Manchester United’s ‘culture’ is overrated. Busby and Ferguson swam against the tide | Barney Ronay

Another summer of rebuilding appears under way at Old Trafford but attempts to recreate the philosophies and glories of previous eras look doomed to fail

There was an interesting programme on BBC Radio 4 this week about the notorious Portuguese man o’ war jellyfish. The man o’ war is of course the alpha of the jellyfish world, the big swinging tentacle of the deep ocean trench, not to mention the only jellyfish most people have heard of besides the ones that appear on English beaches in spring looking sad and dead and reproachful, surrounded by bottle tops and cigarette butts.

Except it turns out the man o’ war isn’t a jellyfish at all.

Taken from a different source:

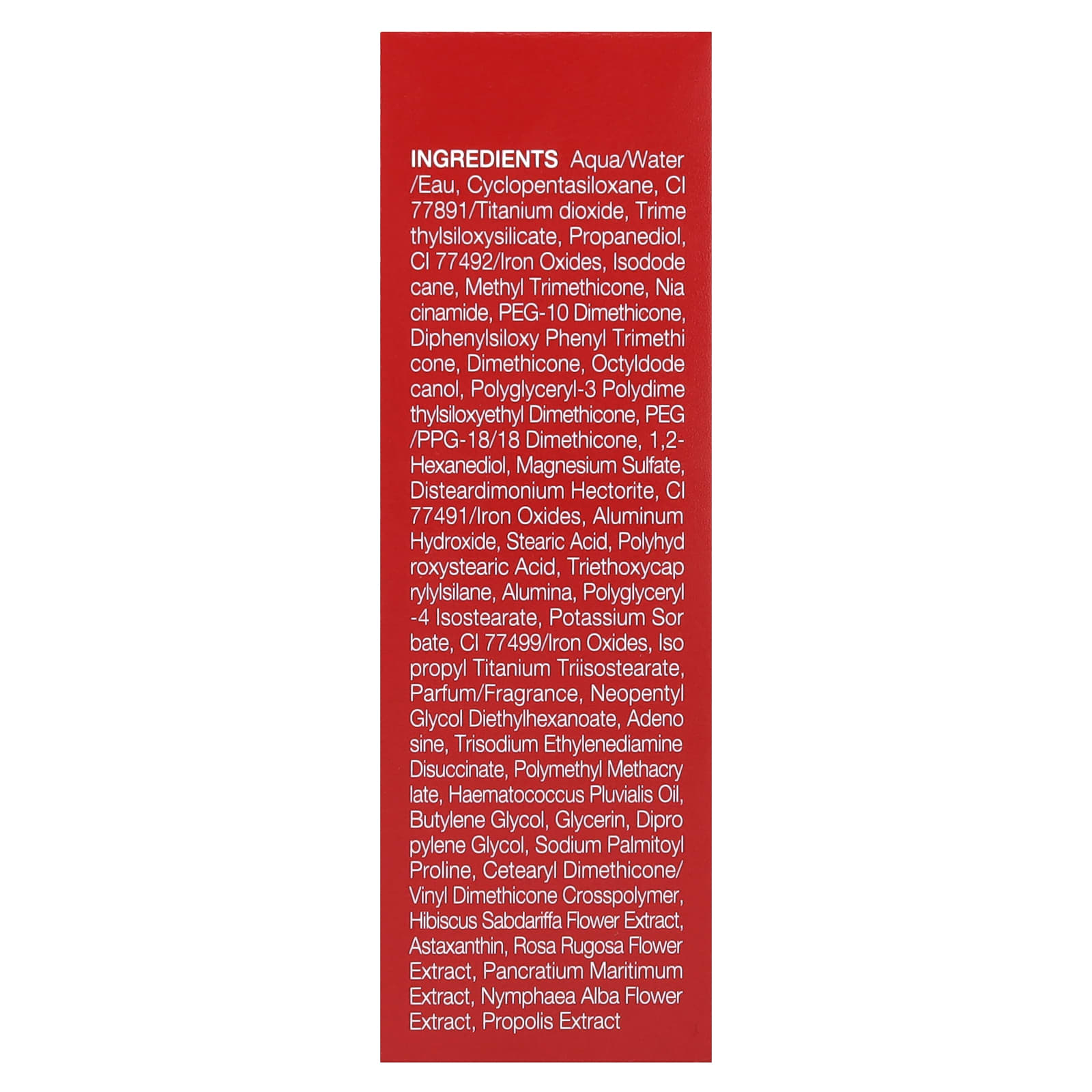 Вода (Aqua/eau), циклопентасилоксан, диоксид титана (CI 77891), триметилсилоксисиликат, пропандиол, оксид железа (CI 77492), изододекан, метил триметикон, никотинамид, ПЭГ-10 диметикон, дифенил силокси фенилтриметикон, диметикон, октилдодеканол, полиглицерил-3 полидиметилсилоксиэтил диметикон, ПЭГ/ППГ-18/18 диметикон, 1,2-гександиол, сульфат магния, дистеардимония гекторит, оксид железа (CI 77491), гидроксид алюминия, стеариновая кислота, полигидроксистеариновая кислота, триэтоксикаприлилсилан, оксид алюминия, полиглицерил-4 изостеарат, сорбат калия, оксид железа (CI 77499), изопропиловый триизостеарат титана, парфюмерная композиция (отдушка), неопентилгликоль диэтилгексаноат, аденозин, тринатрия этилендиамин дисукцинат, полиметилметакрилат, масло гематококка (Haematococcus pluvialis), бутиленгликоль, глицерин, дипропиленгликоль, пальмитоил пролин натрия, кроссполимер цетеарилдиметикона/винилдиметикона, экстракт цветков розеллы (Hibiscus sabdariffa), астаксантин, экстракт цветков розы морщинистой, экстракт панкрация морского (Pancratium maritimum), экстракт цветков кувшинки белой (Nymphaea alba), экстракт прополиса.

It is instead a kind of co-operative, a fusion of many small lifeforms into one large, successful stinging thing. The overall effect is a high-functioning mini-society of cells and organs and venomous pincers, the marine equivalent of a furiously angry rolling maul in a 1980s rugby union international, all eye-gouges and V-signs and furious Scottish oaths. In the programme the man o’ war was presented as a successful quirk of evolution, the survival of the collective as opposed to the individual, sustained by that shared culture and purpose. And also as a metaphor for modern city life with its many diverse, interlinked, self-sustaining parts.